Equity returns in the energy sector have led the S&P 500 Index during 2021 as crude oil prices have soared and, on the surface, seem to show little concern for oil and gas companies’ approach to managing climate risks.
However, energy sector bond investors appear to be reevaluating their holdings to get ahead of possible changes. Bond investors, who typically have a longer investment horizon, are increasingly having to consider the financial materiality of climate change.
On May 27, a Dutch court ruled that Royal Dutch Shell PLC needed to slash its carbon emissions 45% by 2030, a move that illustrates the increased pressure from governments to speed up the transition to a low- carbon economy. On the same day, Exxon Mobil Corp. shareholders elected board members who were nominated by a coalition of investors demanding that the company speed up its plans to transition to a low- carbon economy.
Both of these decisions accentuate the changing investment dynamics for how investors look at oil and gas companies. Transition risks resulting from changes in climate and energy policies, a shift to low-carbon technologies, and liability issues may negatively impact the cost of capital for oil and gas companies.
Even as crude oil prices have soared, bonds have lost value. As seen in [Figure 1], Euro-area energy bonds have underperformed Euro-area corporate bonds. Global fixed income credit markets have seen credits spreads, a measure of credit risk, compress this year due to a recovering economy and the continued search for yield.
Energy bond sector underperformance is notable and speaks to the financial consequences for companies that are lagging in adjusting to the risks associated with a transition to a low carbon economy.
Moreover, energy companies will likely continue to see their costs to issue debt increase as rating agencies are increasingly incorporating transition risks into their rating decisions. S&P, one of the main bond rating agencies, recently put the oil and gas industry at “moderately high risk,” citing concerns about energy transition risks.
Analysis by Bloomberg suggests that approximately $156 billion of North American and European oil debt is at risk of downgrade. Lowered credit ratings generally mean higher capital costs on new and refinanced debt.
Many attribute this contrast between the energy equity and bond markets to the positioning of large purchasers of bonds, including central banks, sovereign wealth funds, insurers, and pension funds.
For context, during 2020, the European Central Bank (ECB) purchased $105 billion, the Bank of England over $13 billion, and the U.S. Federal Reserve nearly $5 billion of corporate bonds through their stimulus programs. Some central banks have indicated that they would consider their role in reducing carbon emissions when selecting corporate bonds.
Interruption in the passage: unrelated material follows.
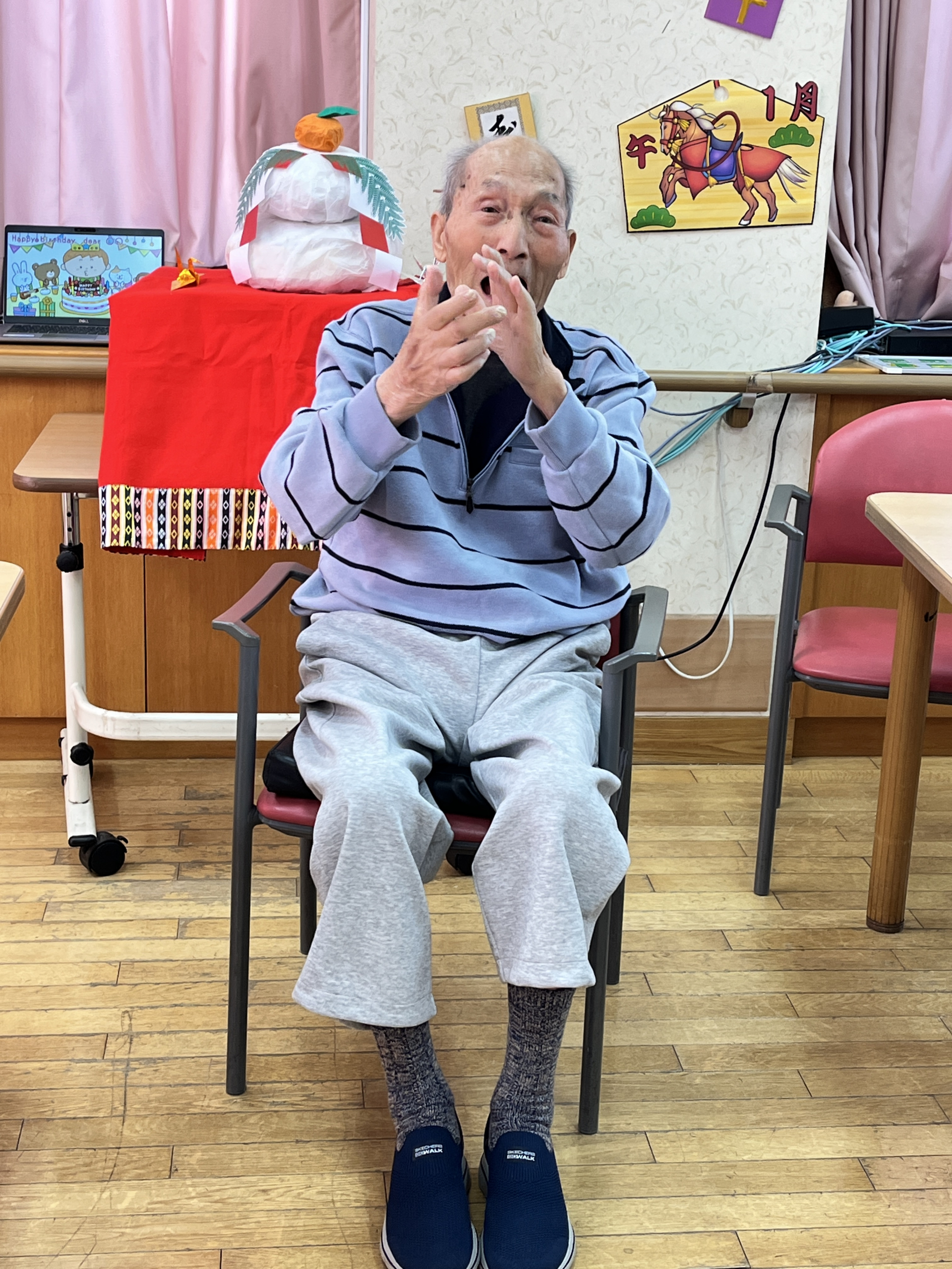 利用者と職員でハッピーバースデー歌を歌ってお誕生日をお祝いました♪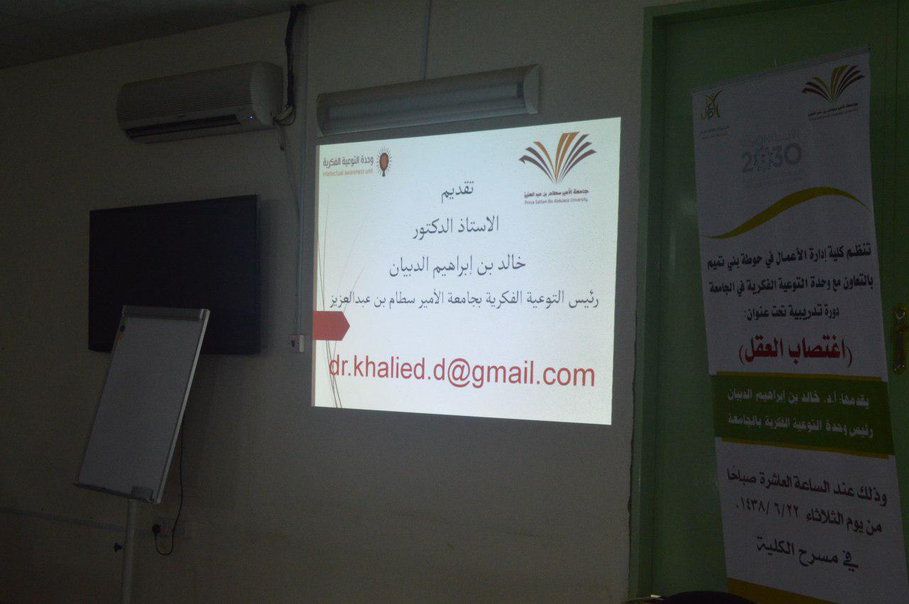 قدم رئيس وحدة التوعية الفكرية في الجامعة أ.د. خالد بن إبراهيم الدبيان دورة تدريبية تحت عنوان: (اغتصاب العقل)، لطلاب كلية إدارة الأعمال بحوطة بني تميم، في يوم الثلاثاء ١٤٣٨/٦/٢٢.

In March of this year, the Bank of England indicated that it would adjust its corporate bond buying program to account for the climate impact of issuers and discontinue subsidizing polluting industries.
Additionally, other large asset owners such as corporate pension funds, insurance companies, and mutual funds are also increasingly moving assets to debt linked to ESG initiatives. Over 2,300 organizations, representing over USD $80 trillion in assets under management (AUM), have signed the United Nations Principles of Responsible Investing.
While certainly not all fixed income related, the sheer size of AUM interested in sustainable investing will impact fixed income markets broadly. As such, the general make-up of debt markets will continue to evolve and, we think, will include a growing share of debt linked to ESG risks and opportunities.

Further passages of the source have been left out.